→ **Task instructions**
Copy the listing below exactly, but skip the pictures.

→ **Data provided**
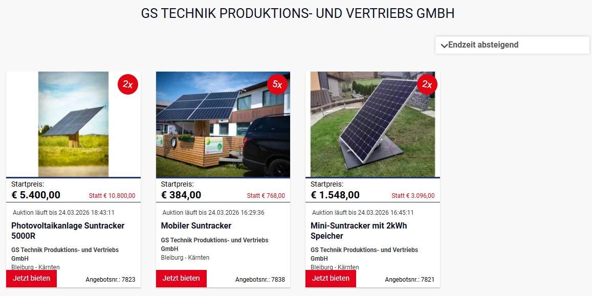 Ein Minisuntracker mit einem 2kWh Speicher – Zuschlag am 24. März um 16:45 Uhr.
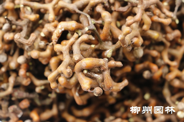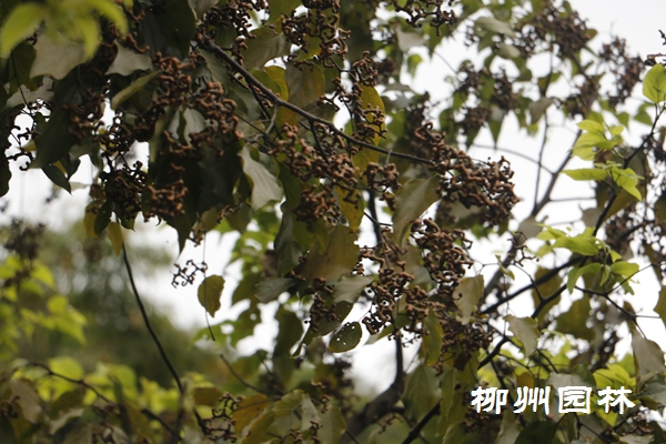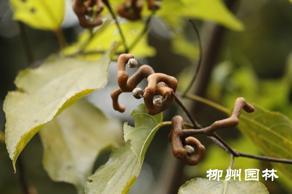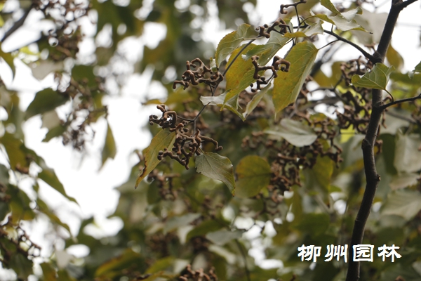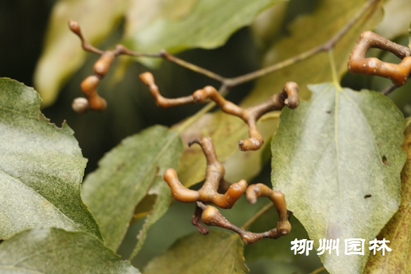这种满枝奇异果子的树木学名枳椇,又称“万寿果”,因果子像一个个“卍”字而得名,柳州人俗称其为鸡爪果,如今柳州市区内已比较少见。枳椇虽然其貌不扬,但全身都是宝。其树皮、叶、根、果实,种子均可药用,对腓肠肌痉挛,小儿积食、止渴解燥、清凉利尿药、解酒毒有很好的功效。枳椇树形优美,叶色浓绿,花期6月,果期11~12月,具有很高的观赏价值,是集食用、保健医药用、观赏于一体的珍贵树种,目前都乐公园游客中心、岩洞售票处等处仍保留有数棵枳椇。
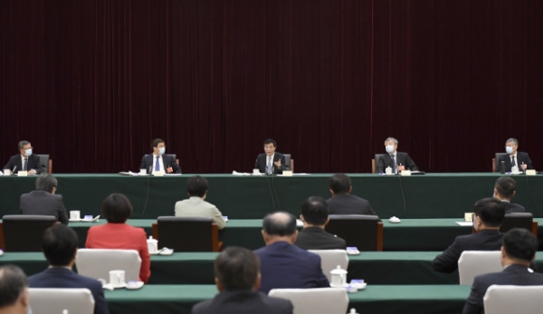 5月23日,中共中央政治局常委、中央书记处书记王沪宁看望出席全国政协十三届三次会议的体育界、医药卫生界委员并参加讨论。新华社记者 岳月伟 摄

→ **Problem solution**
 Ein Minisuntracker mit einem 2kWh Speicher – Zuschlag am 24. März um 16:45 Uhr.
这种满枝奇异果子的树木学名枳椇,又称“万寿果”,因果子像一个个“卍”字而得名,柳州人俗称其为鸡爪果,如今柳州市区内已比较少见。枳椇虽然其貌不扬,但全身都是宝。其树皮、叶、根、果实,种子均可药用,对腓肠肌痉挛,小儿积食、止渴解燥、清凉利尿药、解酒毒有很好的功效。枳椇树形优美,叶色浓绿,花期6月,果期11~12月,具有很高的观赏价值,是集食用、保健医药用、观赏于一体的珍贵树种,目前都乐公园游客中心、岩洞售票处等处仍保留有数棵枳椇。
 5月23日,中共中央政治局常委、中央书记处书记王沪宁看望出席全国政协十三届三次会议的体育界、医药卫生界委员并参加讨论。新华社记者 岳月伟 摄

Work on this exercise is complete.